Fast forward to April, which was a month of Men in (British) politics Behaving Badly. Actually that was pretty much true for every month of the year, but in April things got particularly bad. There was, for instance, the MP who was seen looking at porn in the House of Commons debating chamber, and who claimed to have landed accidentally on a porn site when he was looking for information about tractors (this understandably convinced nobody, and in the end he resigned). There was also a story in the Mail on Sunday which accused the Labour Deputy Leader Angela Rayner of crossing and uncrossing her legs to distract Boris Johnson during Prime Minister’s Questions. Rayner’s description of this as a “perverted, desperate smear” (though there were some indications that she might unwittingly have inspired the story herself during a bit of casual banter on the House of Commons terrace) brought forth a torrent of misogynist, classist commentary which illustrated exactly why British Parliamentary politics is so offputting to so many women.

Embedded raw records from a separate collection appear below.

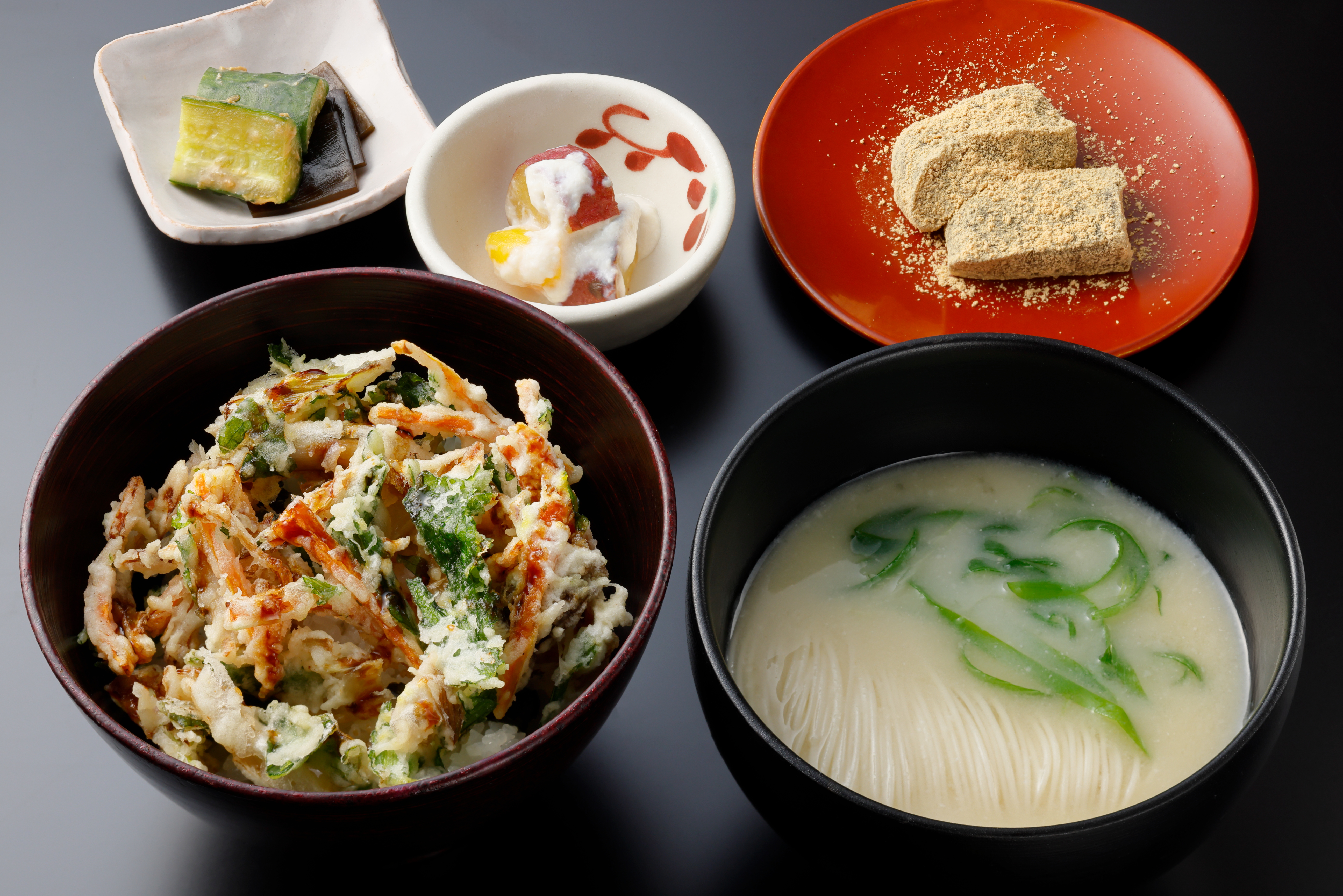 季節野菜のかき揚げ丼と白味噌のお出汁の煮麺のセットです。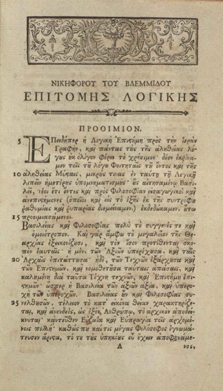 Νικηφόρος Βλεμμίδης. Νικηφόρου Μοναστοῦ καὶ Πρεσβυτέρου τοῦ Βλεμμίδου Ἐπιτομὴ Λογικῆς... μετὰ τῆς ἐπιτόμου αὐτοῦ Φυσικῆς... περὶ Σώματος τοῦ αὐτοῦ καὶ περὶ Ψυχῆς... Λόγος... ὁ περὶ... τῆς Ψυχῆς, Θεοφάνους... Μηδείας, καὶ Γενναδίου τοῦ Σχολαρίου... περὶ Πίστεως καὶ Ἀρετῆς καὶ Ἀσκήσεως τοῦ αὐτοῦ Βλεμμίδου, Προηγουμένης τούτων τῆς καθολικωτέρας αὐτοῦ Ἐπιστολῆς..., Λειψία, Τυπογραφία τοῦ Βρέιτκοπφ, 1784.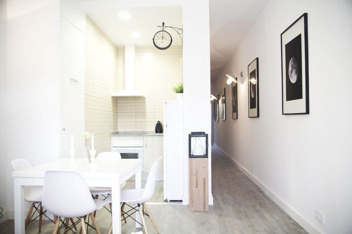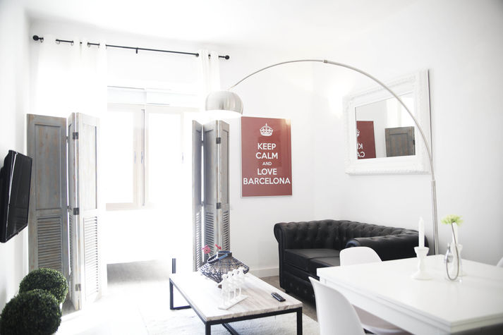 Beautiful designer loft-apartment up to 4 people with a great value for money, located in the city center. Very well connected with the most important tourist spots in Barcelona, as well as Plaza España (trade fairs/shows centers) . It is quite cozy and bright, recently renovated, fully furnished and equipped . Aside from comfortable, the apartment is decorated with several desing furniture and quality details. It also offers free internet access (Wi -Fi). Perfect for couples , families or executives on business trip. It has a bedroom with balcony and two single beds and another one with a double bed integrated into the living room, but isolated from it with delicate curtains providing the room with intimacy. The living room is spacious and cozy, with a comfortable sofa, a coffee table and a dining table for 4 people, as well as a 40 HD TV. " The kitchen, open to the living room , is fully equipped with washing machine, oven, refrigerator, microwave, Nespresso machine and all the kitchen utensils you need to feel at home. It also offers iron and ironing board. Nice and cozy bathroom with shower and hairdryer. All this makes spending a few days here , whether for relaxation or work, an affordable luxury experience that allows you to enjoy Barcelona with all the comfort.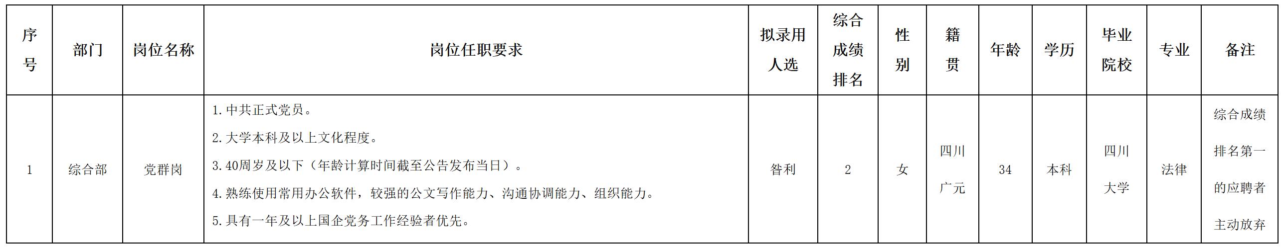 根據(jù)四川越王樓文化傳播有限公司發(fā)布的招聘公告及招聘相關(guān)規(guī)定,經(jīng)筆試、面試、考察、體檢等程序,擬錄用昝利同志到越王樓公司工作,現(xiàn)予以公示,具體情況如下: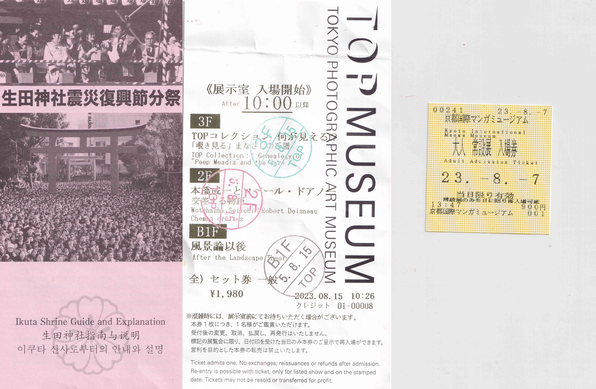 Una vez en Tokio, después en Kioto, me dediqué a hacer fotos, registrar sonidos y vídeos –el de arriba lo grabé con una Panasonic SDR-H40 que llevaba un tiempo utilizando y con la grabadora del móvil–, a llorar,1 beber café, a pasear con la boca abierta (eso lo hago en cualquier parte en realidad), a guardarme papelitos, servilletas, tickets y todo tipo de cosas que me iba encontrando. Disfruté muchísimo del bullicio ordenado, de las estampas de verano que creía que solo salían en las pelis, de la comida preparada de los 7-eleven, del silencio, del ruido, de la musiquita que hay en todas partes y de la educación generalizada. Experimenté lo que era no tener ansiedad en el transporte público, o pasear tranquila rodeada por el graznido de los cuervos, y sumimasen se convirtió en mi palabra favorita porque sirve un poco para todo y porque llevo el «perdón» por bandera. También investigué, mientras me comía unos pepinos encurtidos tumbada en un tatami de un ryokan muy barato, la forma de conseguir la nacionalidad japonesa. Estaba, está, complicado, así que volví a mi pisito de L’Hospitalet y me dediqué a volverme loca. Esparcí por el suelo todo lo que me traje, como en las pelis de detectives, para escanearlo, y olvidarme durante un rato de que vivía en el piso con los vecinos más ruidosos del mundo. Era algo que llevaba meses sufriendo, pero el contraste con el silencio que había experimentado durante mi estancia allí –algunos de los hoteles a los que fuimos estaban insonorizados–, me hizo darme cuenta de que tenía que tomar una decisión y de que no podía seguir viviendo en un sitio que me había llevado a sufrir alucinaciones auditivas (este episodio «depalmesco», si te parece, lo dejo para otra newsletter).2 Estaba claro que las vacaciones me habían salido caras en todos los sentidos. Por suerte, cinco meses después pude mudarme y, una vez más, mi madre, con sus frasecitas –que primero me sacan de quicio–, me ayudó a quitarle hierro al asunto: 1. «y qué hacemos, chica», 2. «todo no se puede tener», 3. «da gracias que has nacido aquí», 4. «Japón no se va a ir a ningún sitio».3 Así que empecé a ahorrar para la siguiente visita (de la que te hablaré en unas semanas si todo va bien y me apetece escribir).4 Ahora te dejo con la razón que me ha llevado a escribir esto, los souvenirs que me traje de mi primer viaje a Japón: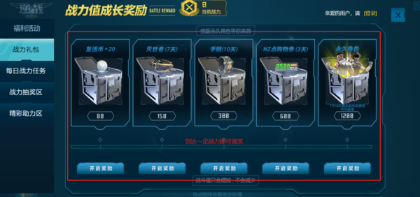 我们在逆战的剧情站上,除了能以不同维度观察、了解逆战的剧情,还有战力福利活动等我们来参与。其中,在该活动中,我们每日签到、进行塔防模式、打开逆战助手都可以获得战力值,而且当我们的战力达到一定数值即可获得相应奖励,另外,我们还可以用战力进行抽奖,以获得其他精美礼品。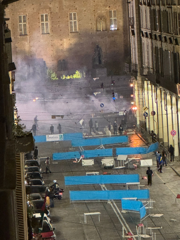 «Ciò che è accaduto a Torino in questi giorni è indegno per la nostra città. Questa notte, il lancio di pietre e transenne, il danneggiamento delle strutture già allestite per Portici di Carta in via Po, e il caos che ha costretto i baristi a barricarsi nei loro locali ci fanno dire che questa non è la nostra Torino!». Così la presidente di Ascom Confcommercio Torino e provincia, Maria Luisa Coppa, dopo la notte di vandalismi in piazza Castello e in via Po, dove una piccola parte del corteo ha divelto stand, bruciato sedie e danneggiato tavoli e allestimenti in strada e sotto i portici.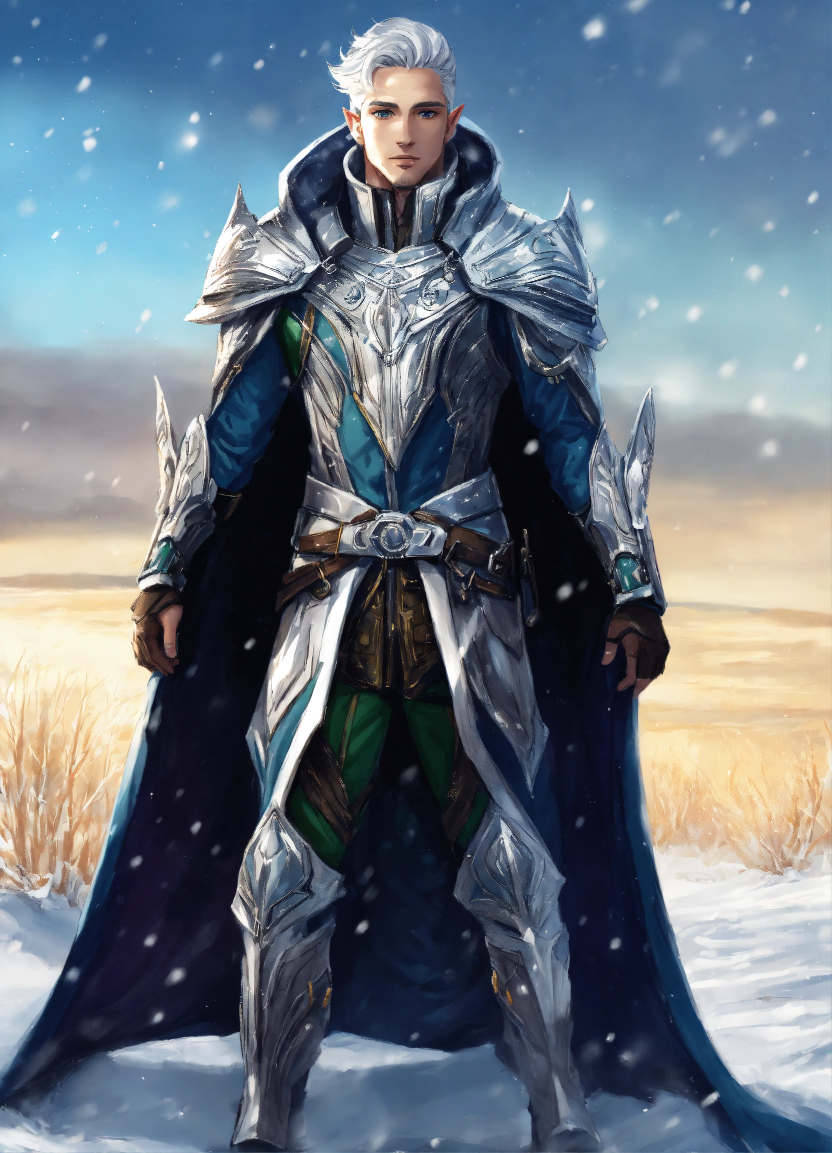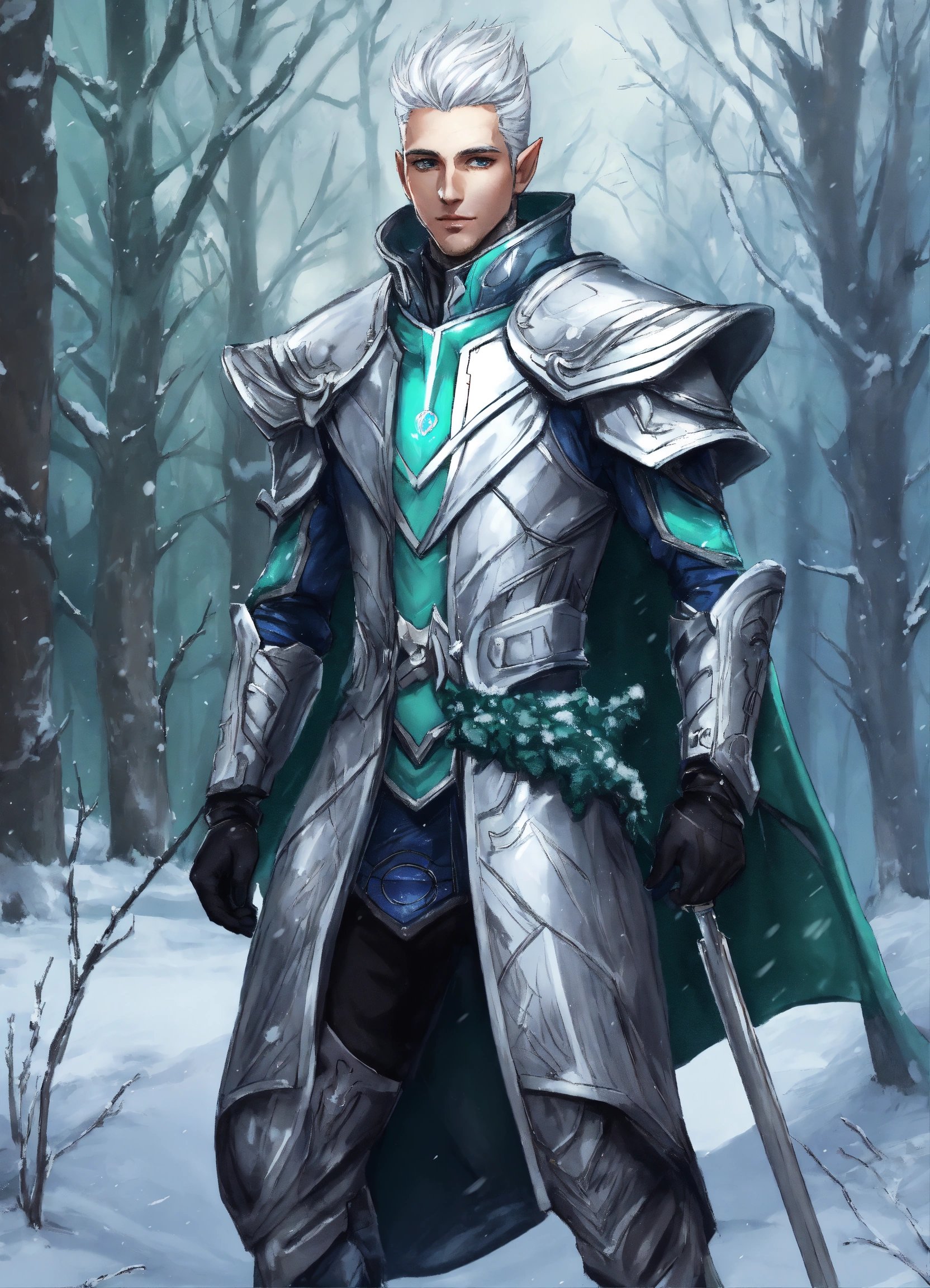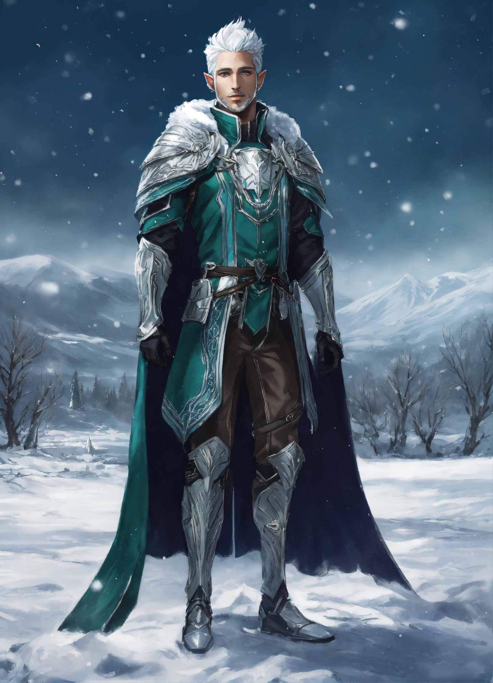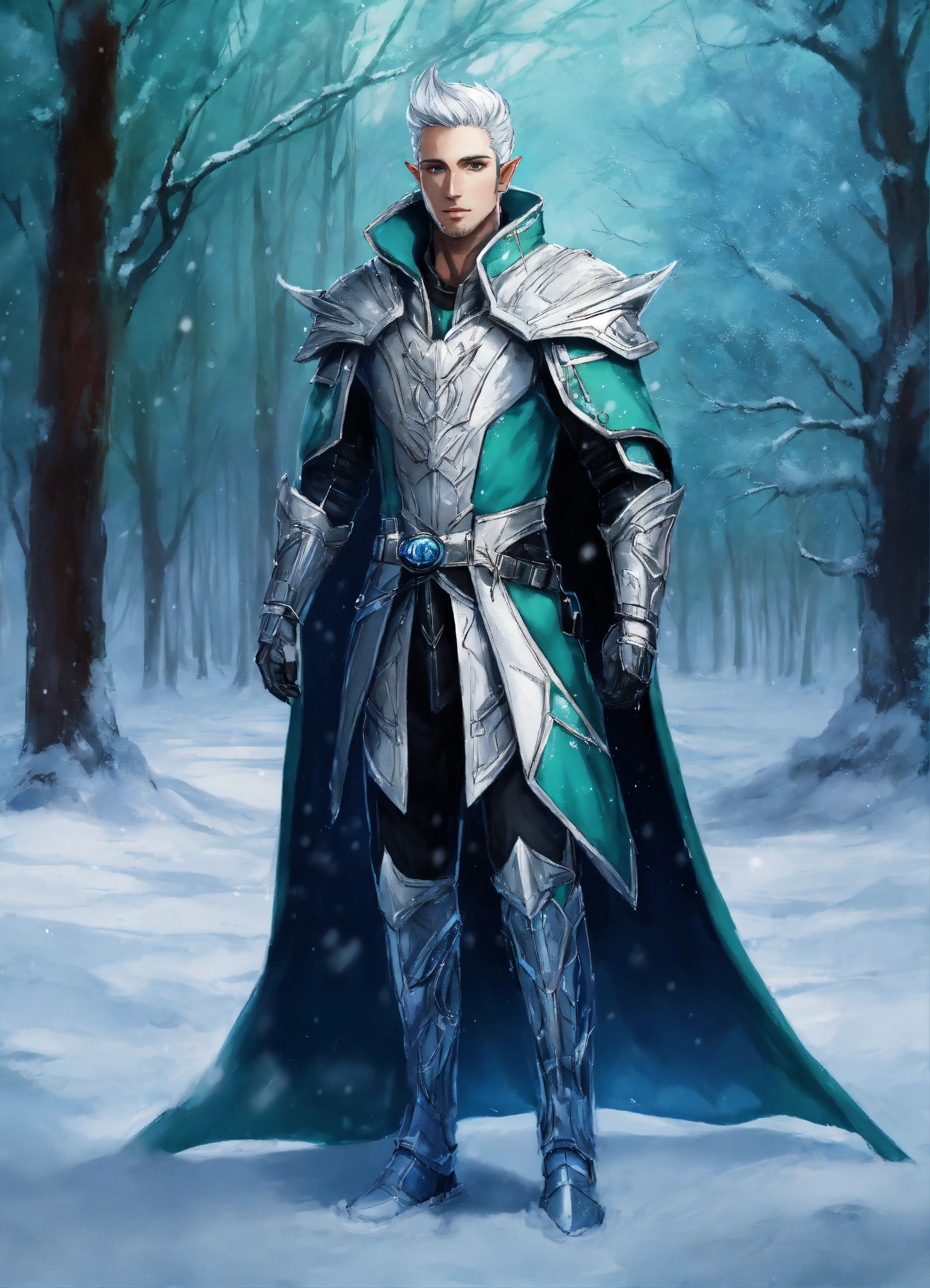 Full body drawing of a sci fi high elf, royalty, futuristic, mint cybernetic royal coat, elf, male, handsome, silver hair, 36 years old, standing in a snow covered field in winter

June brought the news (not unexpected but still horrendous) that the US Supreme Court had upheld a challenge to its earlier ruling in Roe v. Wade, enabling a large number of states to prohibit abortion completely. If ever there was a moment for deeds not words, and for unity rather than factionalism among supporters of women’s reproductive rights (whatever else they might disagree on), this was surely it; and yet one highly visible response to the crisis involved feminists performatively scolding other feminists online for using “problematic” terms, slogans and symbols. For me this was something of a low point. As much as I believe that language matters, I don’t believe linguistic purism and language policing have ever advanced the feminist cause.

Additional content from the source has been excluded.